The present invention relates to a gene for a b-binding protein and its promoter, and is used for the development of new plant varieties using genetic recombination and the modification of cultured cells for producing metabolites.
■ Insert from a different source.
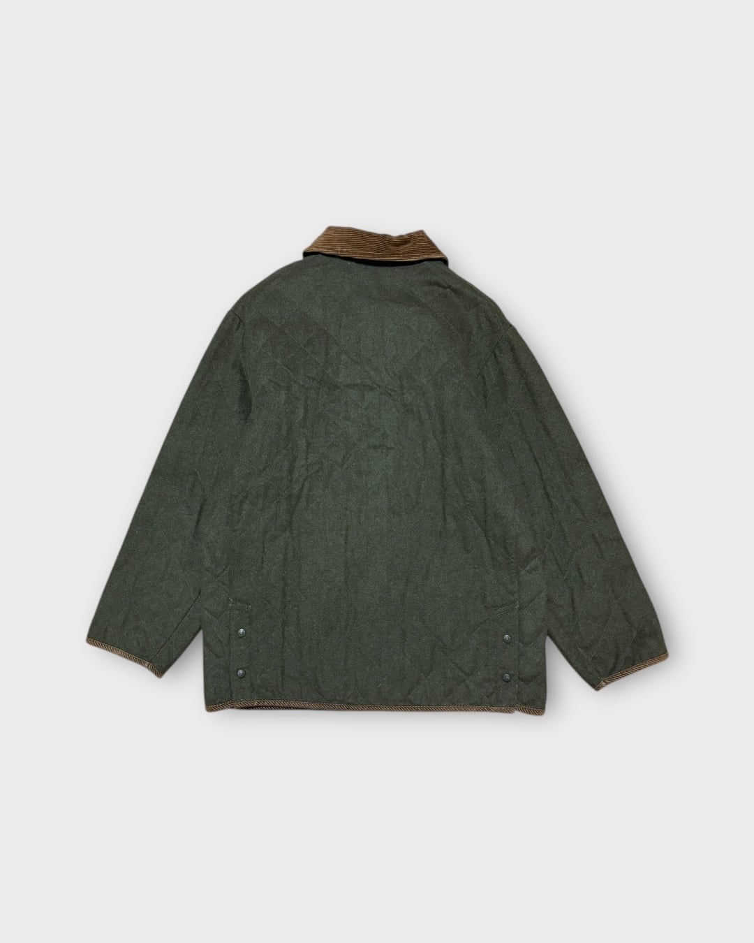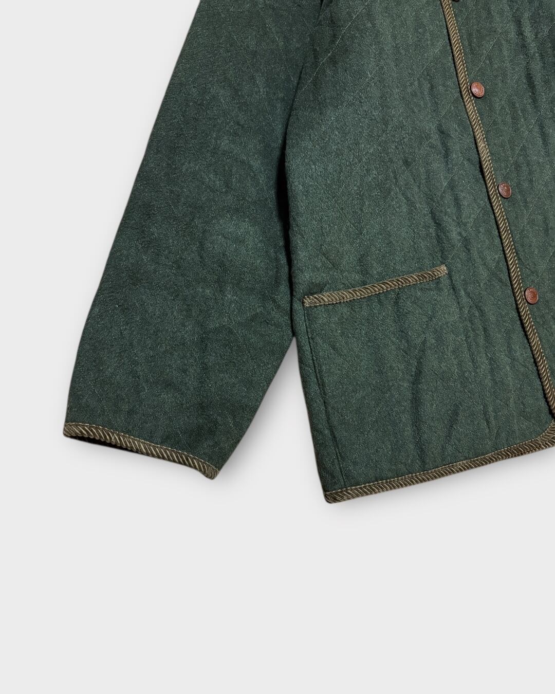 深みのあるフォレストグリーンのボディに、太畝コーデュロイの襟・パイピングを施した上品なカントリー調の一枚です。

[従来の技術] 近年、植物でも遺伝子組み換え技術の利用が可能にな
り、特に双子葉植物での研究が活発に行なわれている。
中でも土壌細菌アグロバクテリウム・トゥメファシエン
スのT1プラスミドを利用したベクター系がいくつか作製
され、植物の形質転換実験に用いられてきた(Hoekema
ら(1985)Plant Molecular Biology 5:85−89。Velten
ら(1984)The EMBO Journal 3:2723−2730他)。しか
しながら、アグロバクテリウム属は双子葉植物と単子葉
植物の極く限られた一部にしか感染しないため、イネを
始めとする主要穀物では殆ど形質転換実験は不可能であ
った。この問題を解決した技術がエレクトロポレーショ
ン法である(Frommら(1986)Nature 319:791−793
他)。この方法は単離したプロトプラストに電気的刺激
を与えることにより、細胞表面に極く小さな穴を開け、
そこから遺伝子を取り込ませて形質転換を行う技術であ
る。この方法が開発されたことにより、イネを始めとす
る主要穀物においても形質転換実験が可能となり、現在
盛んに行なわれている。[Prior Art] In recent years, it has become possible to use gene recombination technology even in plants, and researches on dicotyledons are being actively conducted.
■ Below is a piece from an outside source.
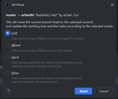 | Soft | 回滚到指定版本,并保留所有更改,这些更改将被重新提交。使用这种模式,你可以撤销已经提交的更改,然后重新提交。 |

In particular, several vector systems using the T1 plasmid of the soil bacterium Agrobacterium tumefaciens have been constructed and used for plant transformation experiments (Hoekema
(1985) Plant Molecular Biology 5: 85-89. Velten
(1984) The EMBO Journal 3: 2723-2730 et al.). However, since the genus Agrobacterium infects only a very limited part of dicotyledonous plants and monocotyledonous plants, it was almost impossible to carry out transformation experiments on major crops such as rice. The technique that solved this problem is the electroporation method (Fromm et al. (1986) Nature 319: 791-793.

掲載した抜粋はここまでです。